Interview with Tim Gregory, Co-director of The Strange Case of Salman abd al Haqq

Posted by at 2:42PM

The Strange Case of Salman abd al Haqq premieres this Wednesday, April 18th at 8PM in Cubberley Auditorium. Don’t miss this important moment in Stanford student filmmaking and in the Stanford student body’s response to America’s torture scandals.
View the Trailer:

The first revelations of America’s torture of prisoners in Abu Ghraib and Guantanamo Bay shocked many in the Stanford community. Even more shocking were revelations by the ACLU and others that the use of torture (including approval of specific techniques) was sanctioned at the highest levels of the Bush administration. Then came news that the CIA, notorious for using the most “aggressive” techniques, was operating secret prisons abroad. And as if that wasn’t enough, the US government was also shipping prisoners to other countries notorious for their sanctioning of torture, such as Egypt, Jordan, Syria, Morocco and Uzbekistan. This extra-judicial process of holding prisoners in other countries is known as “extraordinary rendition,” or as some would call it, “the outsourcing of torture.”
With our government’s commitment to human rights crashing down around us, one would hope — no, one would expect — that there would be some kind of artistic processing of the phenomenon from the Stanford community.
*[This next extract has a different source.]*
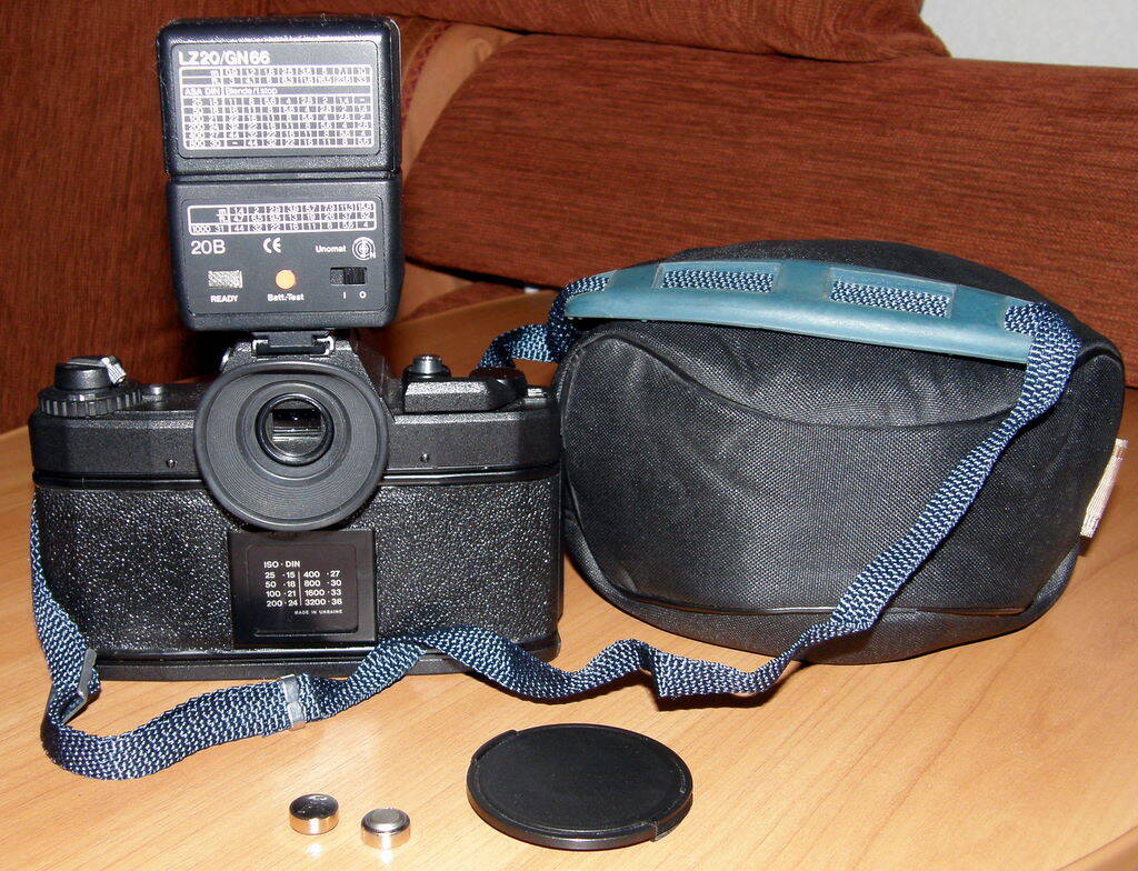 Фотоаппарат, ремень, мягкий чехол, вспышка.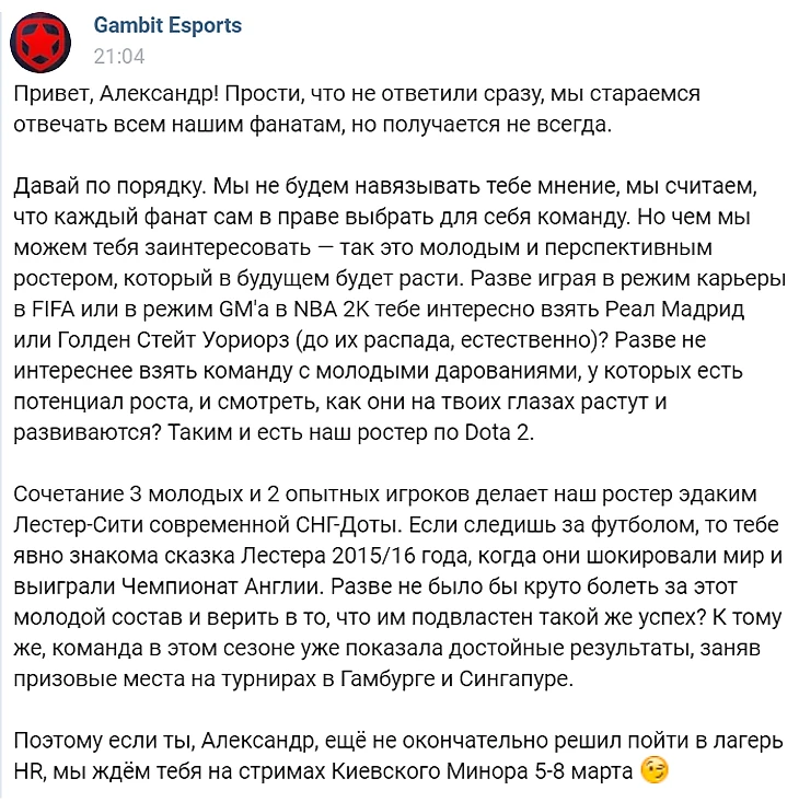 После публикации материала пришел ответ от Gambit, в котором они сравнивают себя с чемпионским Лестером и приглашают на стримы майнора в Киеве:

A new film by Tim Gregory and Jeff Orlowski, entitled The Strange Case of Salman abd al Haqq, is exactly this sort of artistic processing. It is a forceful protest, in hopes that the American people and our elected representatives might begin to understand this moral crisis, and then really confront it.
To learn more about the film and the thinking behind it, I sat down for a few minutes with Tim Gregory, co-director, to discuss how it came to be.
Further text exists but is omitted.